Asimismo, este no es el único momento de tensión que Raquel vivió en la sala del juzgado. En otra ocasión, la comunicadora tuvo que saltar para pedir protección a su intimidad. Todo ello debido al posible contacto que tenía con un camello. «Como expliqué el día trece, se lo explico a usted porque ellos ya lo saben. Yo como cualquier persona que su marido fallece en esas circunstancias trágicas intenté comprender lo que había pasado en las horas que todo eso ocurrió. Yo pregunté y hubo gente que ese nombre le sonaba por su relación con las drogas».

En ese momento, la letrada le preguntó por un nombre en concreto que la presentadora aseguraba desconocer. «¿Cómo puede usted no conocer a Nacho Leonardi si hay varios mensajes a partir del 2008?». Acto seguido, Raquel decidió pedirle amparo al juez: «Estamos hablando de mi móvil, pero a ver. Yo necesito pedirle amparo señor juez, ¿por qué estamos hablando de mí? Esto es sobre mí y es mi intimidad.
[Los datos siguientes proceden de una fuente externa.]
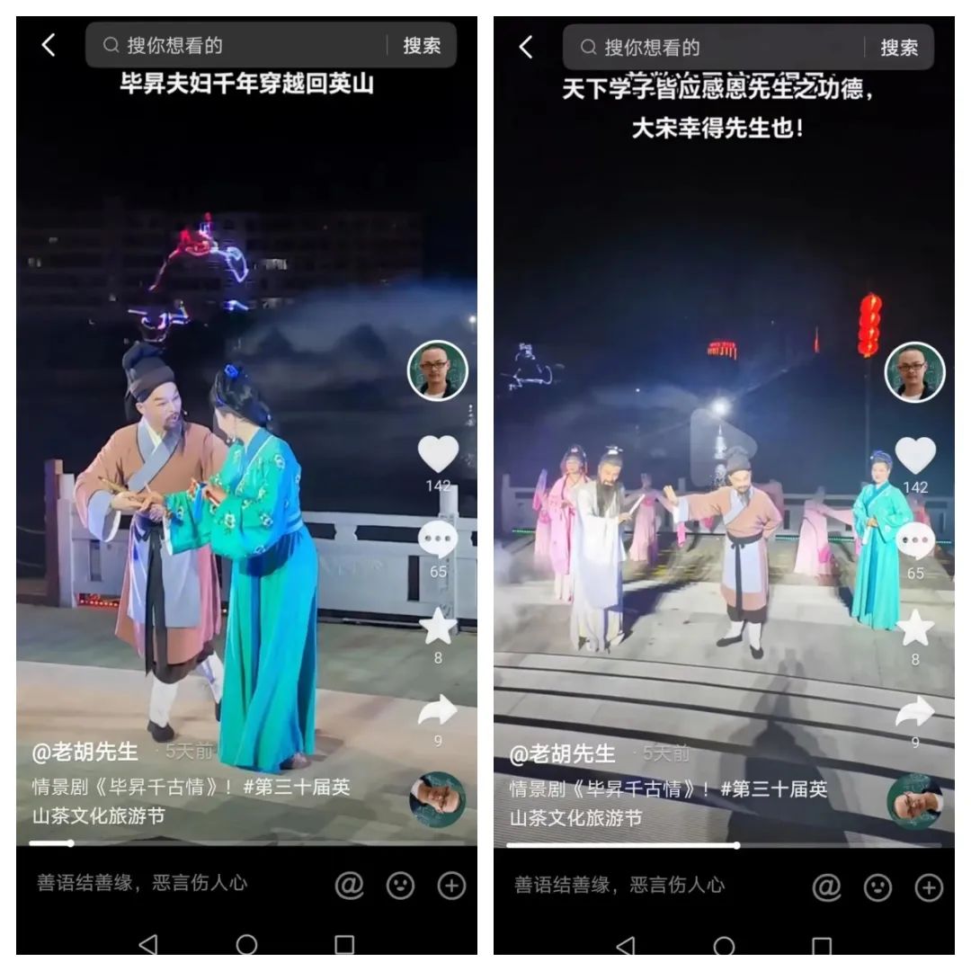 河道中間的水幕燈光秀和情景劇表演是此次活動的重頭戲。情景劇中,1000多年前的畢昇和夫人李妙音穿越時空來到英山游船,偶遇800多年前的蘇東坡和王朝云,兩對不同時空的名人在英山邂逅,經(jīng)過一段充滿詩情畫意的詩詞歌舞表演后,共同坐下品茶。整場活動充分利用現(xiàn)代化的聲光電技術(shù),將歷史和現(xiàn)代完美融合,碰撞出獨屬英山的浪漫。
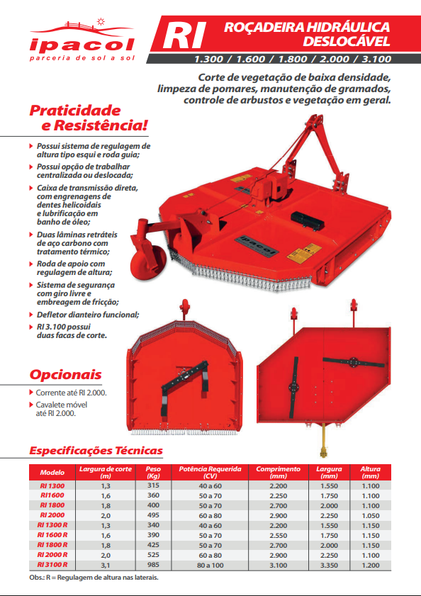 Corte de vegetação de baixa densidade, limpeza de pomares, manutenção de gramados, controle de arbustos e vegetação em geral.

No me acuerdo».

La limpieza del ordenador de Mario Biondo, a debate

Otro de los puntos determinantes que han colocado a Raquel Sánchez Silva en la diana ha sido el ordenador de Mario. Esto es debido a que se aseguraba que la presentadora borró datos y documentación de ese dispositivo sin que fuese previamente analizado por la policía. Un detalle que no ha pasado por alto ni para la familia de Mario ni para los espectadores.

En concreto, un software remoto de acceso fue instalado en el dispositivo para borrar así todos los datos. Esto sucedió a los 15 días del hallazgo del cuerpo. Fue analizado por la Fiscalía italiana que registró dos accesos: uno desde la capital y otro desde Plasencia, donde es natural la comunicadora. «Se eliminaron cerca de 1.000GB de datos. Aunque Raquel declaró que eran fotos personales y lo hizo ella, luego se demostró que fue su primo el que lo hizo remotamente desde Plasencia», fue la información aportada por el programa.

Asimismo, en el espacio se ha podido ver partes de la declaración de Raquel. Ésta sostenía: «El ordenador ha estado conmigo hasta que se lo entregárselo a la familia». En ese momento, se le preguntó si se lo dejó a algún técnico en clara referencia al papel que el primo de la comunicadora tuvo. «Lo tuve en la calle Magdalena donde nosotros vivíamos. Yo luego me fui a Galicia a pasar unos días de vacaciones, de reposo. Allí estuve cinco días mirando el ordenador», continuó diciendo para defender su versión de los hechos.